Of the 40+ statistical-software manuscripts we reviewed for JSS-class venues, these four account for the large majority of avoidable rejections, and editors here routinely reject on them before novelty even enters the conversation. In practice, what actually happens at the desk is a reviewer cloning your repository and running your replication script, so we see the same code-readiness gaps surface again and again.
The re-implementation with no stated advantage. Across our Journal of Statistical Software pre-submission reviews, the single most common reviewer trigger is a package that duplicates what an established package already does, with an introduction that never argues why the new implementation is better. JSS asks authors to compare the new contribution against existing implementations directly, and reviewers judge usefulness, not just correctness.

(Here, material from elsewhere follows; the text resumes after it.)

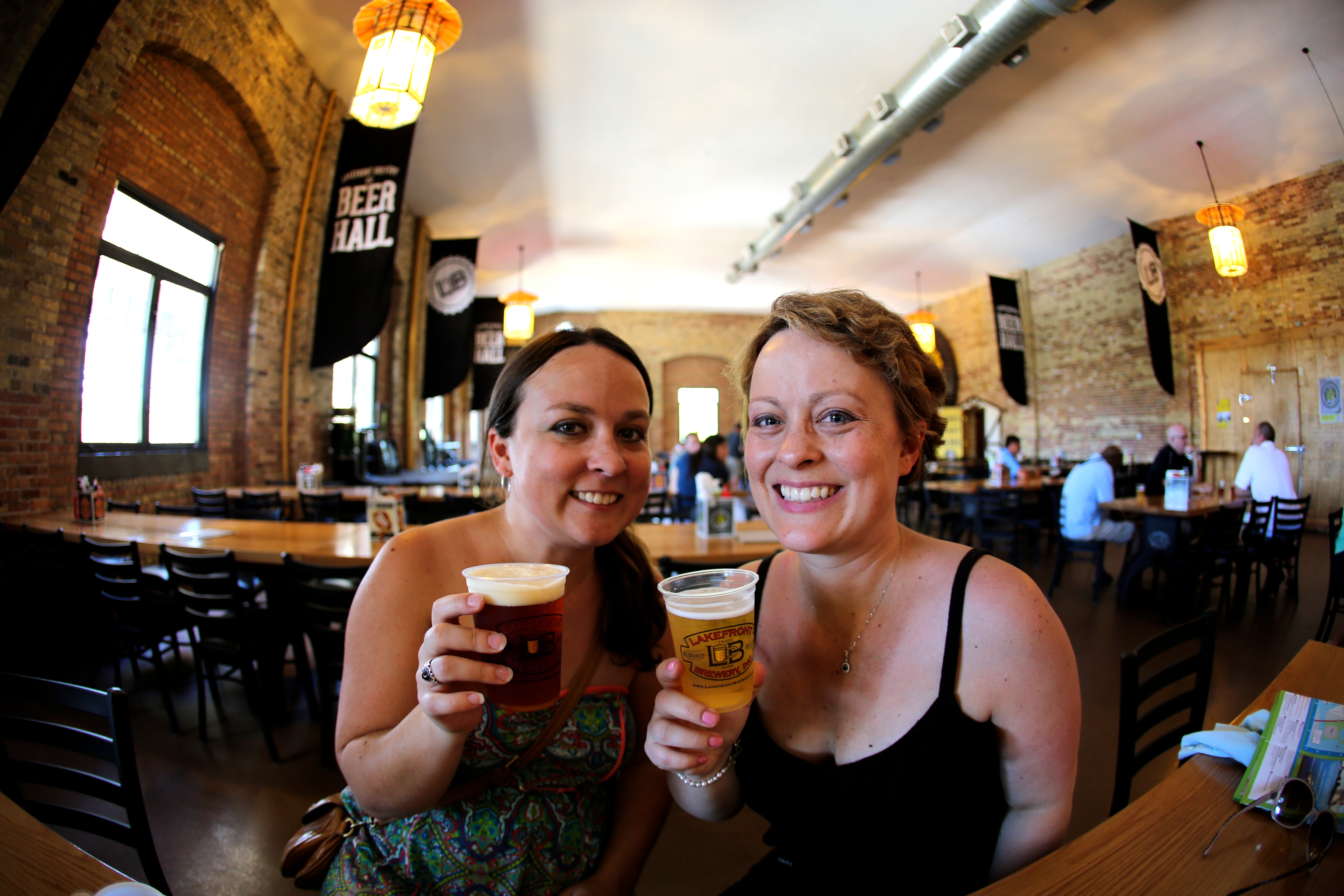 My sister accompanied us on our first stop of the romantic honeymoon trip around the lake. We both wanted to spend a few quality sissy days and also to celebrate her birthday together, so we chose Milwaukee because it was on the lake, neither of us had been there, and they also had cheap flights to her hometown of Portland. I didn´t know much about Milwaukee before visiting except that they are known for their cold winters, beer, and cheese; and after our two day visit, I have concluded that Milwaukee is a very lovely lakeside city, (at least in the summer) with, indeed, a lot of beer and cheese. The abundance of these two ingredients makes Milwaukee a perfect foodie destination. There are lots of breweries to visit, and many fun restaurants to explore. Upon arrival at our hotel, we noticed that it seemed more like a ghost town than the 28th largest city in the United States. Despite it being a warm summer´s day there were no pedestrians out and about, and hardly anyone exploring the city, even by car. We took a stroll from our hotel to the Milwaukee River, home of the misnamed Lake Front Brewery (it is NOT on the lake front, in case you are wondering…). Along the way we passed only two people. However, when we entered the beer hall, we realized that all the tourists in Milwaukee were inside drinking beer. Which is what we proceeded to do for the rest of the afternoon. Jon´s brother, Adam, had recommended Lake Front because it is a less touristy tour than say Miller´s or PBR, and they also include a mug and four pours of beer within the 7 dollar entrance fee. A pretty good deal, if you ask me. After discovering that Lake Front´s Wisconsinite summer beer was the one for me, I had three pours of it and then we proceeded/stumbled back down the river with water jugs in hand to explore Historic Old World 3rd Street. Again, we didn´t pass very many people and, befuddled, we popped into the Wisconsin Cheese Mart where we proceeded to partake of more Wisconsin beer and cheese. Delicious! That evening we ate yet again, this time dining on barbeque with Jon´s high school friend Brad and his girlfriend Cortnee at the Smoke Shack. This was followed by drinks at their stunning apartment overlooking the Summer Fest grounds along the lake. It was there that we learned that nobody was out in the streets because we arrived a day after Summer Fest ended, and everyone in Milwaukee was resting from the party. Probably bad timing on our part, but oh well!

The fix is a concrete comparison: name the existing packages, and show in your abstract and introduction what your software does faster, more generally, or more correctly. This is testable, open your manuscript and check whether a reviewer can find, in the first two pages, the sentence that says why your package should exist alongside the incumbents.

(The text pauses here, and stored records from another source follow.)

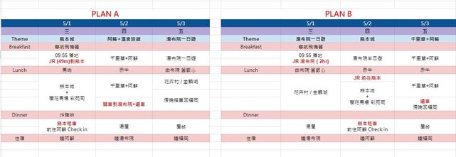主要想玩的點有熊本、阿蘇、湯布院、福岡,我們安排 2 條路線想問問看大家的意見: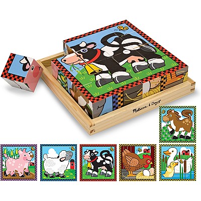 Six puzzles in one! There are 16 solid wooden cubes in this unique puzzle. Rotate the cubes in the included wooden tray to complete colorful pictures of six different farm animals. (The border design provides a helpful hint!)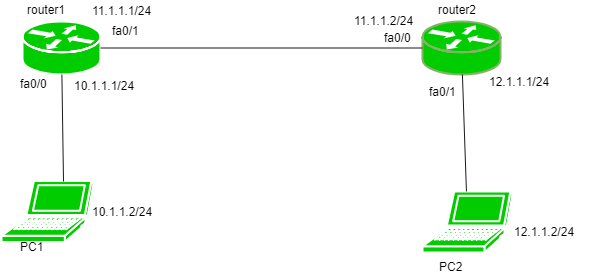 这里有两台路由器:router1,其IP地址为10.1.1.1/24,位于fa0/0接口上;另一个路由器的IP地址为11.1.1.1/24,位于fa0/1接口上。还有PC1和PC2,它们的IP地址分别为10.1.1.2/24和12.1.1.2/24。首先,我们需要通过EIGRP协议向所有路由器分配路由信息,这样PC们就能互相通信了。

The narrow package framed as a general contribution. A second recurring pattern in the Journal of Statistical Software manuscripts we review is a package that solves one specific problem, presented as though it were a general toolkit. JSS prefers substantial packages that serve a discipline area or implement a family of approaches. When the software covers a single function with a thin wrapper, reviewers flag the mismatch between the framing and the artifact.

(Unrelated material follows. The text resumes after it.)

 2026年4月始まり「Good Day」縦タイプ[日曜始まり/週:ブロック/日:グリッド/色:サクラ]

The fix is either to broaden the package, add the related methods, the diagnostics, the alternative estimators, or to honestly reframe the contribution and move to a venue like JOSS that accepts focused tools.
The thin test suite and incomplete documentation. We see manuscripts where the science is sound but the software is not review-ready: no unit tests covering core functionality, missing function-level help files, or a vignette that does not match what the package actually does. JSS expects formatted help files, a package installable from a standard repository such as CRAN, Bioconductor, or PyPI rather than only GitHub, and code that is readable and commented.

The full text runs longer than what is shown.